Estimand type: EstimandType.NONPARAMETRIC_ATE

### Estimand : 1
Estimand name: backdoor
Estimand expression:
    d
─────────(E[y|W2,W0,W3,W1])
d[v₀  v₁]
Estimand assumption 1, Unconfoundedness: If U→{v0,v1} and U→y then P(y|v0,v1,W2,W0,W3,W1,U) = P(y|v0,v1,W2,W0,W3,W1)

### Estimand : 2
Estimand name: iv
No such variable(s) found!

### Estimand : 3
Estimand name: frontdoor
No such variable(s) found!

Linear model

Let us first see an example for a linear model. The control_value and treatment_value can be provided as a tuple/list when the treatment is multi-dimensional.
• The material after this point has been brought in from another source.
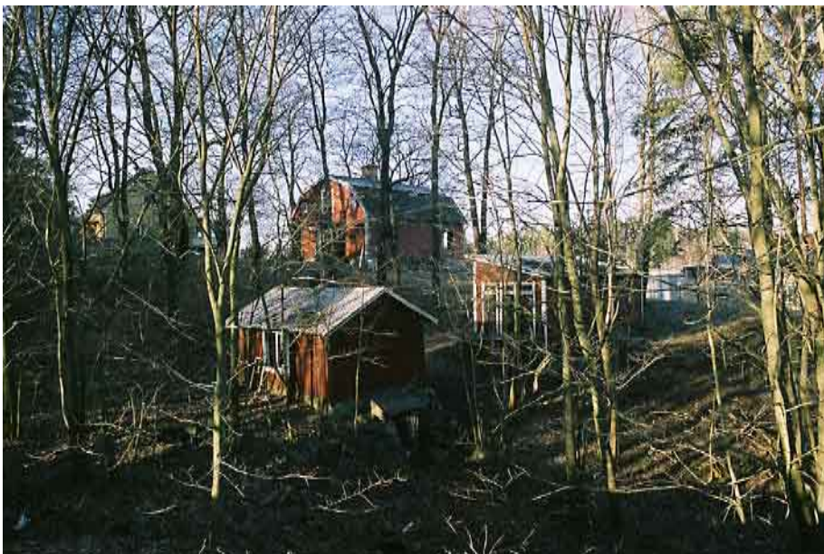
Uthusen från nordost
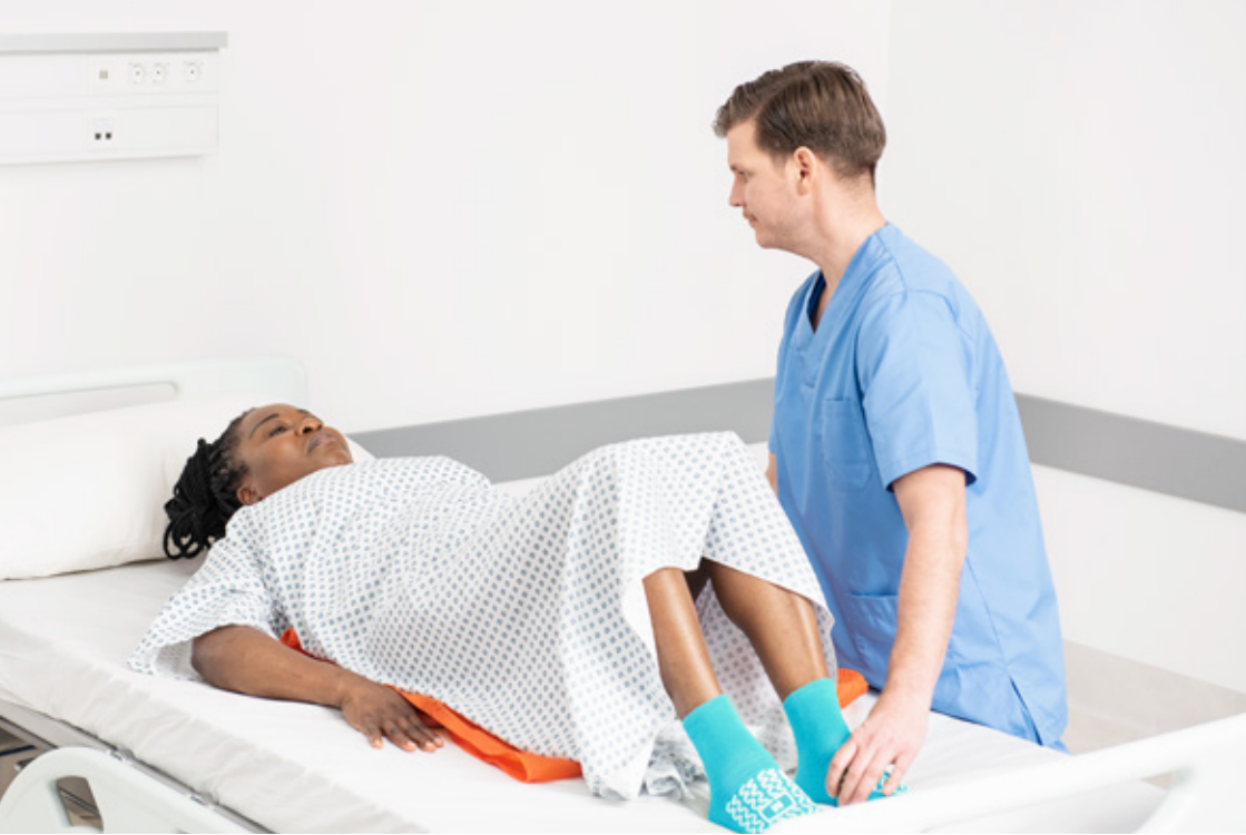
Fysioterapeut som mobiliserar en patient i sängen

The interpretation is change in y when v0 and v1 are changed from (0,0) to (1,1).

[6]:

linear_estimate = model.estimate_effect(identified_estimand,
                                        method_name="backdoor.linear_regression",
                                        control_value=(0,0),
                                        treatment_value=(1,1),
                                        method_params={'need_conditional_estimates': False})
print(linear_estimate)

*** Causal Estimate ***

## Identified estimand
Estimand type: EstimandType.NONPARAMETRIC_ATE

### Estimand : 1
Estimand name: backdoor
Estimand expression:
    d
─────────(E[y|W2,W0,W3,W1])
d[v₀  v₁]
Estimand assumption 1, Unconfoundedness: If U→{v0,v1} and U→y then P(y|v0,v1,W2,W0,W3,W1,U) = P(y|v0,v1,W2,W0,W3,W1)

## Realized estimand
b: y~v0+v1+W2+W0+W3+W1+v0*X0+v0*X1+v1*X0+v1*X1
Target units: ate

## Estimate
Mean value: 5.078224345610501

You can estimate conditional effects, based on effect modifiers.

[7]:

linear_estimate = model.estimate_effect(identified_estimand,
                                        method_name="backdoor.linear_regression",
                                        control_value=(0,0),
                                        treatment_value=(1,1))
print(linear_estimate)

*** Causal Estimate ***

## Identified estimand
Estimand type: EstimandType.NONPARAMETRIC_ATE

### Estimand : 1
Estimand name: backdoor
Estimand expression:
    d
─────────(E[y|W2,W0,W3,W1])
d[v₀  v₁]
Estimand assumption 1, Unconfoundedness: If U→{v0,v1} and U→y then P(y|v0,v1,W2,W0,W3,W1,U) = P(y|v0,v1,W2,W0,W3,W1)

## Realized estimand
b: y~v0+v1+W2+W0+W3+W1+v0*X0+v0*X1+v1*X0+v1*X1
Target units:

## Estimate
Mean value: 5.078224345610501
### Conditional Estimates
__categorical__X0  __categorical__X1
(-3.758, -0.64]    (-4.402, -1.361]    -72.578624
                   (-1.361, -0.783]    -39.306583
                   (-0.783, -0.286]    -19.224005
                   (-0.286, 0.334]       1.070074
                   (0.334, 3.166]       35.627126
(-0.64, -0.0764]   (-4.402, -1.361]    -57.395848
                   (-1.361, -0.783]    -23.361290
                   (-0.783, -0.286]     -3.911810
                   (-0.286, 0.334]      17.008063
                   (0.334, 3.166]       49.812228
(-0.0764, 0.412]   (-4.402, -1.361]    -47.951547
                   (-1.361, -0.783]    -15.183702
                   (-0.783, -0.286]      4.696040
                   (-0.286, 0.334]      25.565515
                   (0.334, 3.166]       57.882635
(0.412, 0.997]     (-4.402, -1.361]    -38.293553
                   (-1.361, -0.783]     -6.556265
                   (-0.783, -0.286]     13.596805
                   (-0.286, 0.334]      34.149412
                   (0.334, 3.166]       68.228800
(0.997, 4.057]     (-4.402, -1.361]    -24.095849
                   (-1.361, -0.783]      7.787794
                   (-0.783, -0.286]     27.864159
                   (-0.286, 0.334]      48.219762
                   (0.334, 3.166]       83.308854
dtype: float64

More methods

You can also use methods from EconML or CausalML libraries that support multiple treatments. You can look at examples from the conditional effect notebook: https://py-why.github.io/dowhy/example_notebooks/dowhy-conditional-treatment-effects.html

Propensity-based methods do not support multiple treatments currently.